It was a matter of time

Another writing prompt I enjoyed–It was a matter of time

His father was in decline for the past year. The old man had been on a respirator and unconscious for weeks. The family knew it was a matter of time.  Yet when the respirator was finally removed and the father finally died, the eldest son, James Jr., did not feel relief as he expected. Instead, he felt a wave of grief and fear for which he was unprepared.

James Jr. saw his future and his own death as he watched James Sr. briefly struggle for breath, his body disturbingly thrash about just before the end. James Jr. was reminded of his mother. She died at the age of thirty-two from cervical cancer. James Jr. was just twelve at the time. He helped raised his two younger siblings, neither of whom remember much about their mother, a woman James thought a saint.

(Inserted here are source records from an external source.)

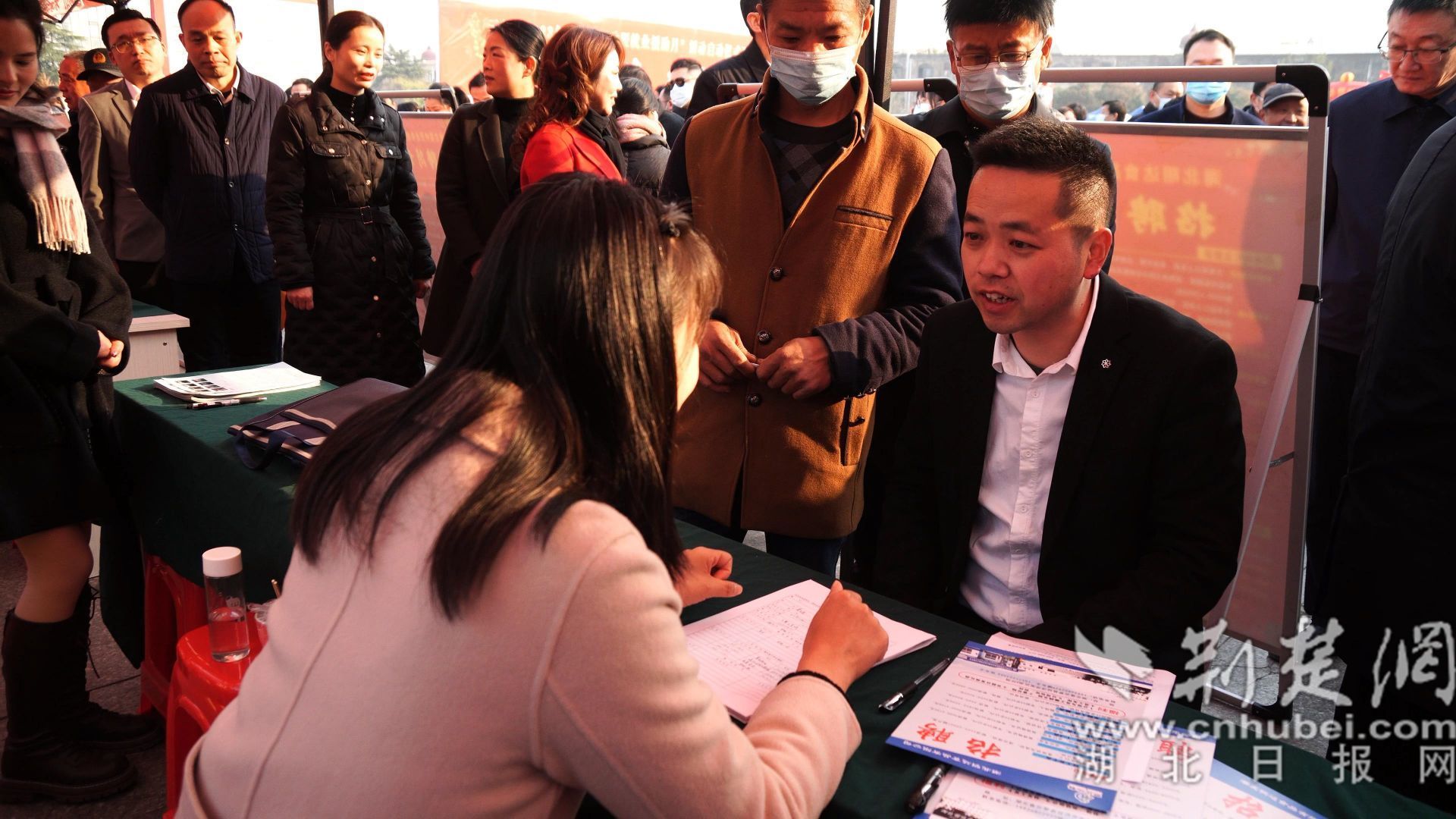 求职者咨询福利待遇。记者 李传维 摄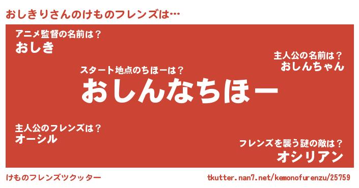 | 2回繰り返すあだ名 | 『おおしし』『てくてく』『ざーざー』 |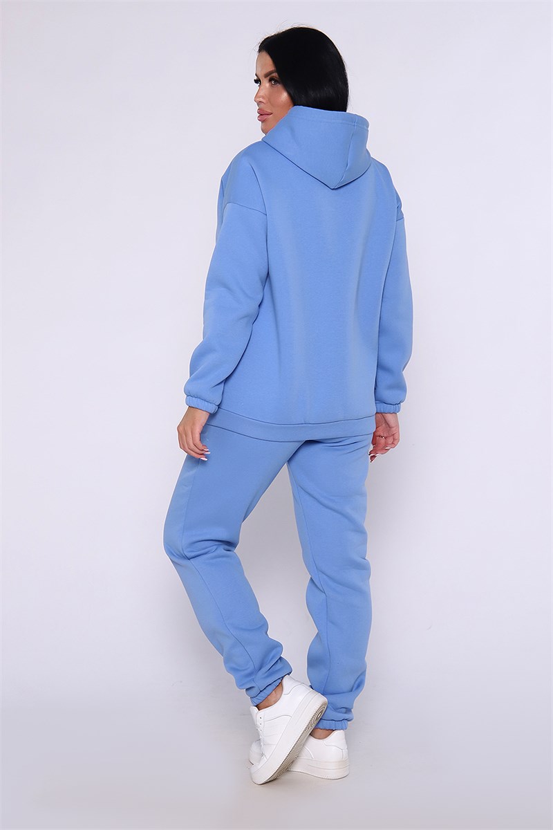 Теплый костюм выполнен из футера 3-х нитки с начесом с содержанием хлопка премиум качества. Костюм состоит из объёмной толстовки в стиле оверсайз с накладными карманами и джогеров. Низ брюк и рукавов на толстовке обработан резинкой. Пояс брюк на резинке, для удобства по бокам расположены прорезные карманы. Перед использованием желательно постирать костюм при 30 градусах, тогда излишний ворс примнется.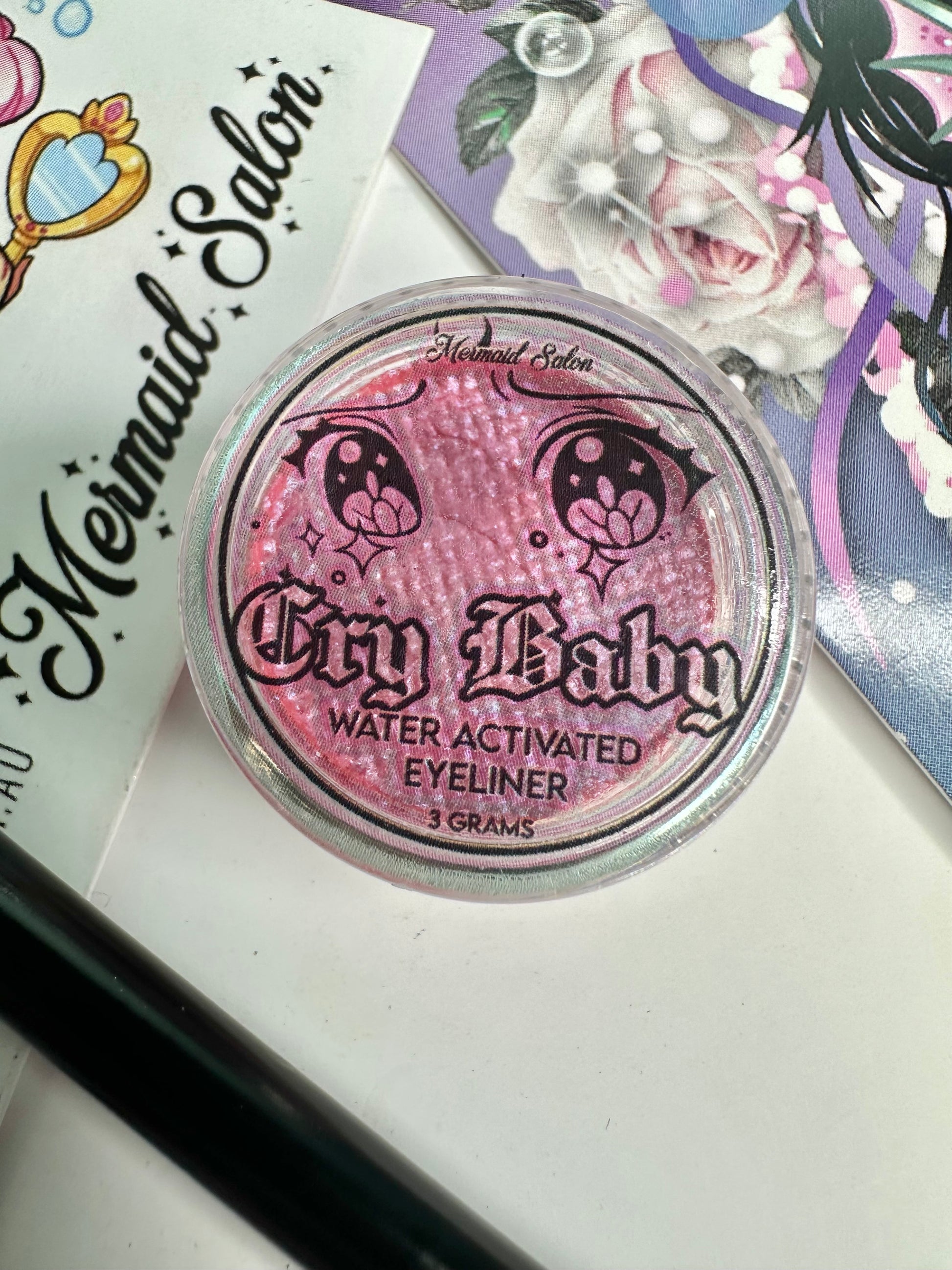 Mermaid Salon CryBaby Aqua-Liner is a traditional eyeliner / face paint hybrid. Cauldron smoke is a beige to lilac to aqua pastel shift.

While his siblings were blessed with healthy spouses, James Jr’s own wife, Sabine, died at the age of thirty-four of lymphoma. They, too, had three children. James Jr. struggled to raise them on his own. He eventually dated a few women in the ten years since his wife died, but most women don’t want to help raise three children that are not their own. And who could blame them. James, himself, would not have wanted to if the situation were reversed. There was one woman, however, who would have married him but she wanted to have a child of her own with James. He wanted to, he really did, but three children was enough, James told her. She promptly gave up on him and married another man within a year. James Jr. would, if his life was to mirror his own father’s, as he believed it would, would not find another woman before the end. He would die with his three children at his bedside. James Jr. wondered what would become of his eldest son.